Construction of a Bifunctional Single-Quantum Dot Nanosensor for Enzyme-Free Detection of N 6 -Methyladenosine Demethylase in Breast Cancer

In mammalian organisms, N⁶-methyladenosine (m6A) serves as the most prominent internal modification of mRNA, and it critically regulates gene expression and cancer progression through dynamic erasure by demethylases (e.g., Fat Mass and Obesity-associated protein (FTO)).

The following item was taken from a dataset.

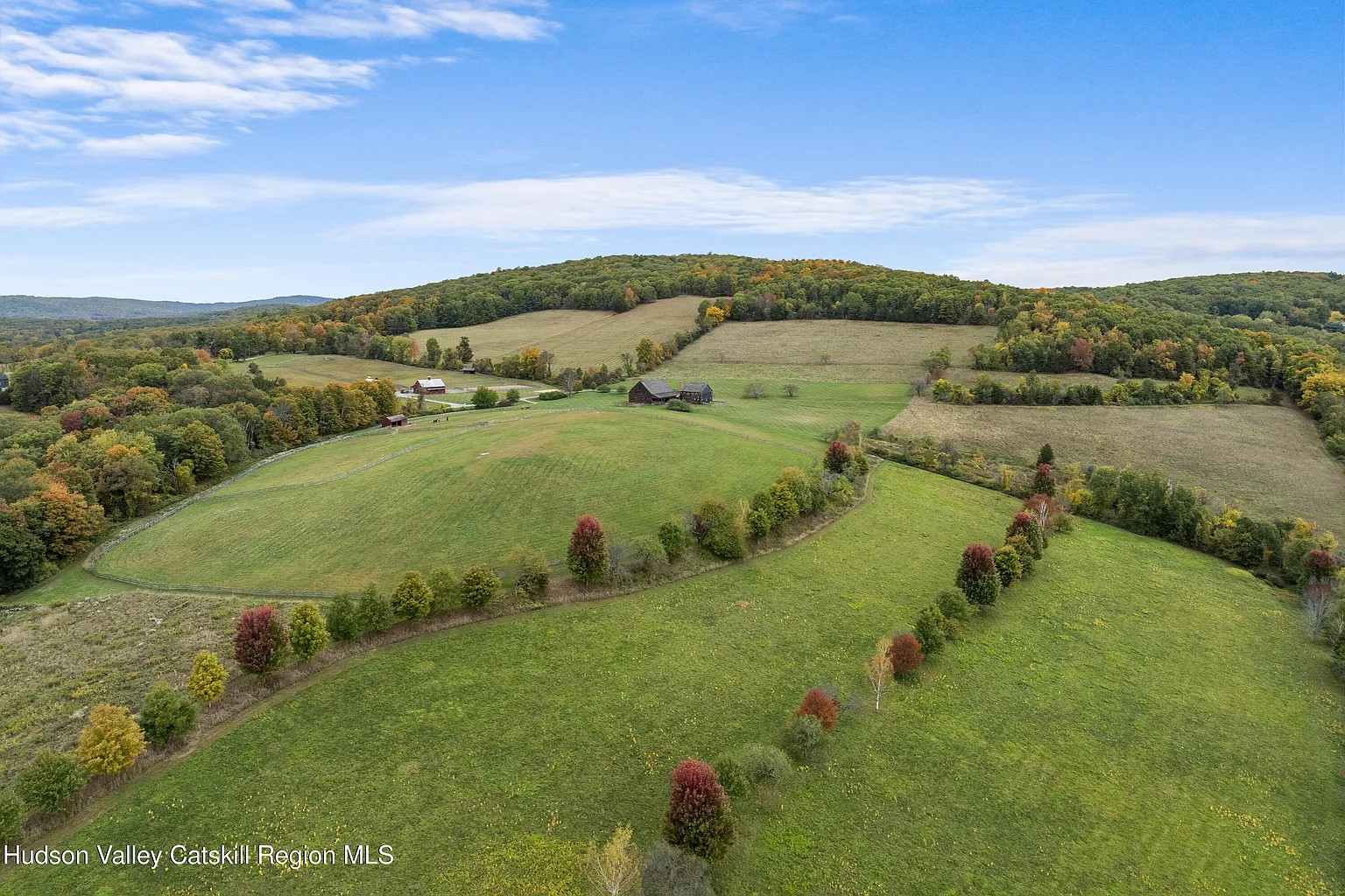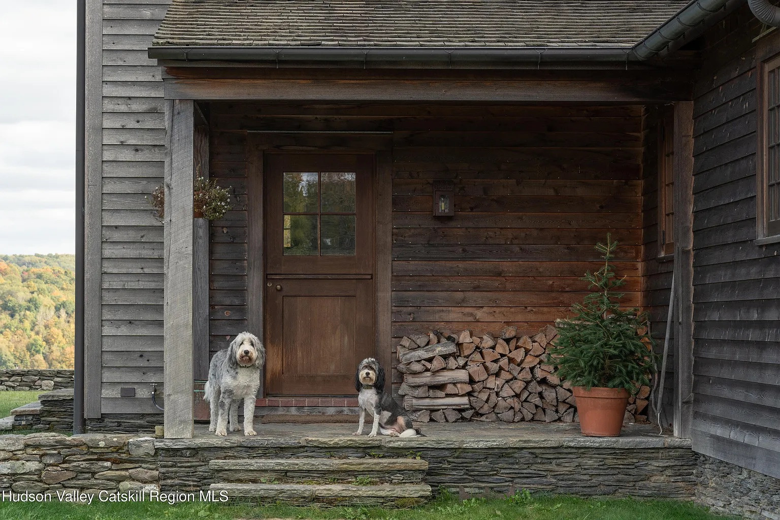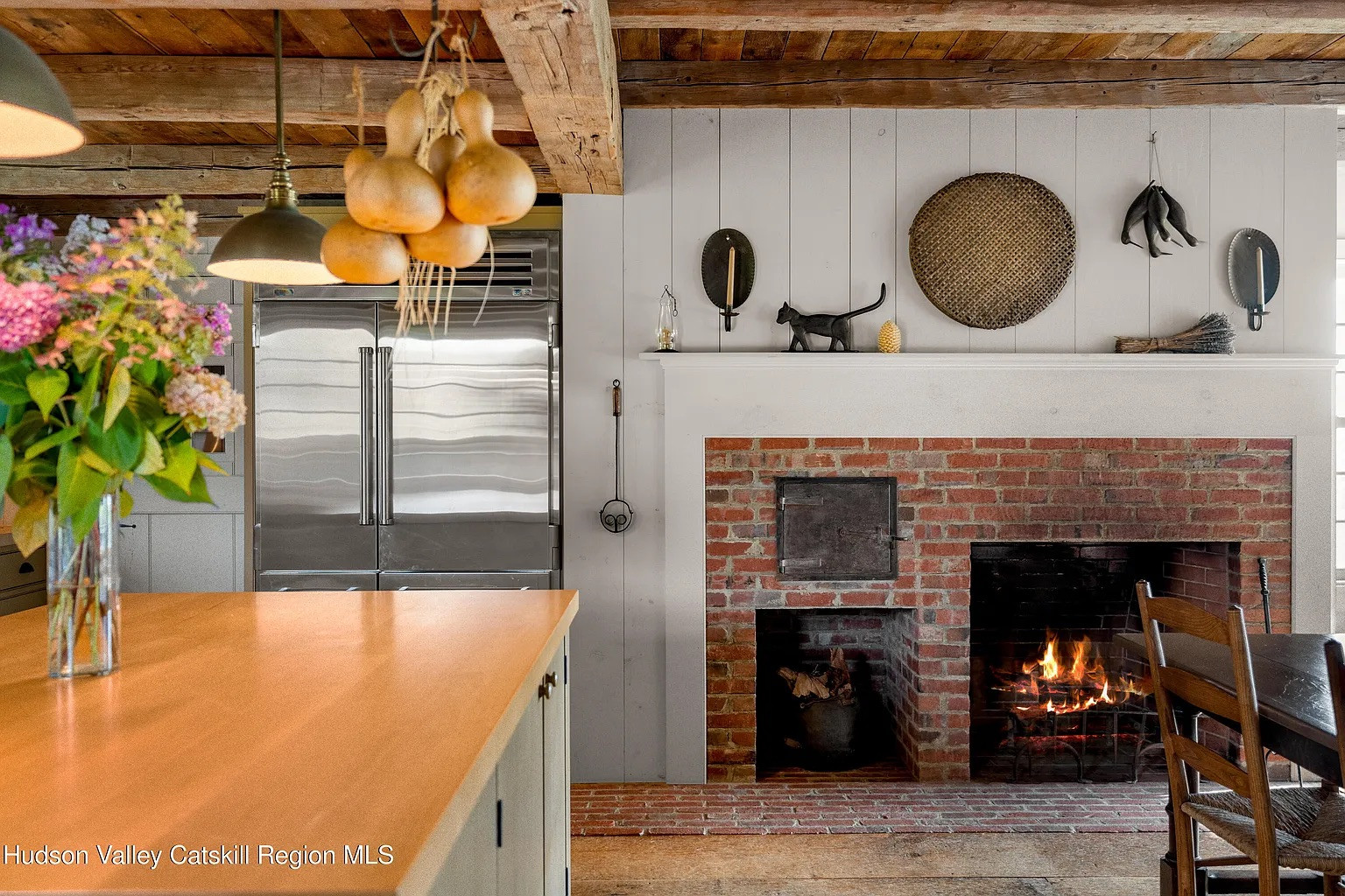 Designed by Cynthia Filkoff, the main house is 6,340 square feet with five bedrooms and three and a half bathrooms. There are wide wood floors and some ancient plaster walls, plus what looks like old wood support beams preserved throughout. There are three fireplaces, plus geothermal heating and cooling. Outside there’s a two-car garage, a three-bedroom “caretaker’s house,” and a huge equestrian facility with a five-stall barn, a barn for equipment, six paddocks, and an outdoor riding ring. Part of the acreage is protected through the Dutcess Land Conservancy.

As an oncogenic m6A "eraser", FTO promotes breast cancer development via suppression of apoptosis and metabolic reprogramming. Herein, we develop a bifunctional single-quantum dot (QD) nanosensor for an FTO assay by integrating m6A-responsive DNAzyme with enzyme-free signal amplification and single-molecule detection. In this nanosensor, the 605QD serves as both a scaffold for constructing a streptavidin-anchored DNA walker assembly and a donor for efficient Förster resonance energy transfer (FRET). When FTO is present, the m6A-locked 8-17E DNAzyme is activated to initiate the 3D DNA walker-mediated cleavage of hairpin probes on the 605QD surface, liberating the binding sites for dual Cy5-labeled signal probes. Subsequently, the fractured hairpin probe and the signal probe form a three-way junction (TWJ) skeleton on the 605QD surface, generating a distinct FRET signal. This nanosensor enables simple, rapid, and enzyme-free detection of FTO and achieves a remarkably low limit of detection (LOD) of 41.7 fM within 90 min. Moreover, it can be applied for the detection of endogenous FTO in a single cell, kinetic analysis, inhibitor screening, and discrimination of the FTO level in breast cancer tissues and healthy counterparts. With the advantages of rapid analysis, minimal sample requirements, and clinical-grade precision, this single 605QD-based nanosensor provides a new paradigm for breast cancer epigenetic research and point-of-care diagnostics.